PS: ACAP ist als «Silver Bullet» wohl auch wieder gestorben

8 Kommentare

  • Ich denke Meier-ID ist das gemeinsame single-sign-on System schweizerdeutscher Newsmedien fuer semi-professionelle Leserbriefschreiber / Artikelkommentierer.

  • Man muss die Pay-Wall nicht gut finden – aber man sollte deswegen gewachsene Traditionen nicht lächerlich machen:
    Das Schaffhauser Intelligenzblatt wurde 1861 gegründet und war im 20. Jahrhundert der (Bildungs-)bürgerliche Gegenpol zur linken Schaffhauser Arbeiterzeitung. Intelligenz vs. Arbeiterschaft. Du verstehst.
    Kein «unsympathisches Selbstverständnis» also, sondern starke Wurzeln. Und das finde ich – bei allem Unverständnis über die Pay-Wall – wiederum sehr sympathisch.

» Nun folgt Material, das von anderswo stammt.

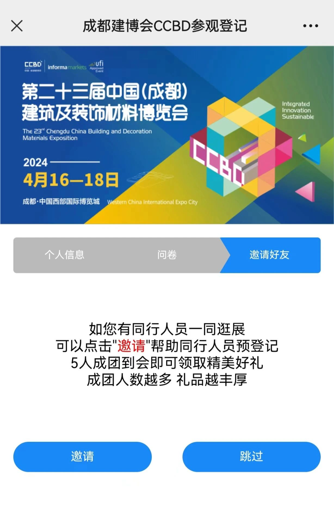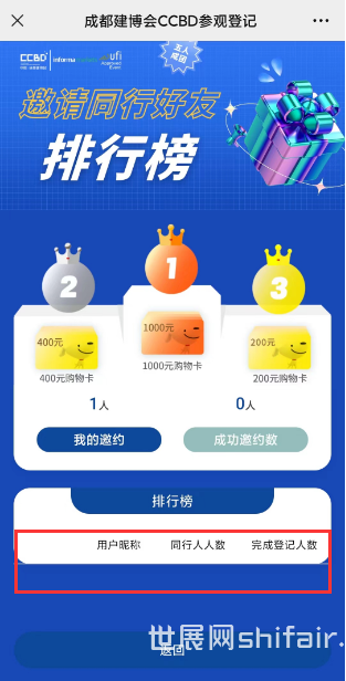 1) 本次活动奖励仅限通过本活动页添加同行好友并完成登记的或通过分享邀约海报成功登记的用户才能获得,若好友之前已通过其他渠道完成登记则无法领取奖励,可参与本活动再次进行邀请即可获得,若当用户邀约的完成登记人数相同时,则将根据邀约且实际到场人数高的一方发放最终奖励。2) 若发现用户存在异常风险,包括但不限于异常邀请、网络攻击、外挂插件、数据泄露、刷单刷票等违规行为主办方有权判断该用户的邀请无效,有权取消该用户获得的相关奖励。3) 本活动最终解释权归英富曼天一展览(成都)有限公司所有,如您对活动有任何疑问,可添加中国成都建博会小助手微信: 073进行咨询。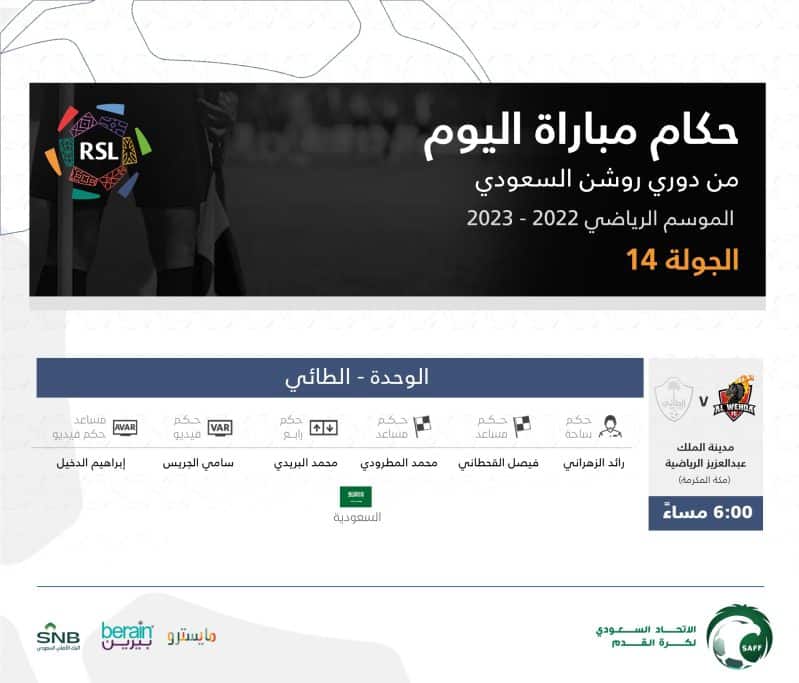 ويتولى رائد الزهراني مهمة إدارة مباراة اليوم، ويساعده فيصل القحطاني ومحمد المطرودي، والحكم الرابع محمد البريدي، وسيكون سامي الجريس حكمًا لتقنية الفيديو، ويساعده إبراهيم الدخيل.

  • super, dass das mit dem intelligenzblatt mal jemand erklärt. habe mich mit herrn neininger in seinem famosen blog auch schon darüber zu unterhalten versucht, aber so einleuchtend hat er die erklärung nie hingekriegt.
    seine paywall scheint mir auf einem ähnlich tiefen niveau wie sein blog:
    http://neininger.wordpress.com/
    henusode.

  • Zum Intelligenzblatt: dieser Name fand sich im 19. Jh. unter ziemlich vielen Zeitungen, er bedeutete im lateinischen Wortsinn Blatt für «Verständigung, Verständlichmachung» – das hat mit unserer heutigen Interpretation dummerweise nichts mehr zu tun.
    Relativ viele Szenewörter des 19. Jh. haben heute andere Bedeutungen, «Gemüthlichkeit» würde man z. B. heute mit «Emotionalität» übersetzen.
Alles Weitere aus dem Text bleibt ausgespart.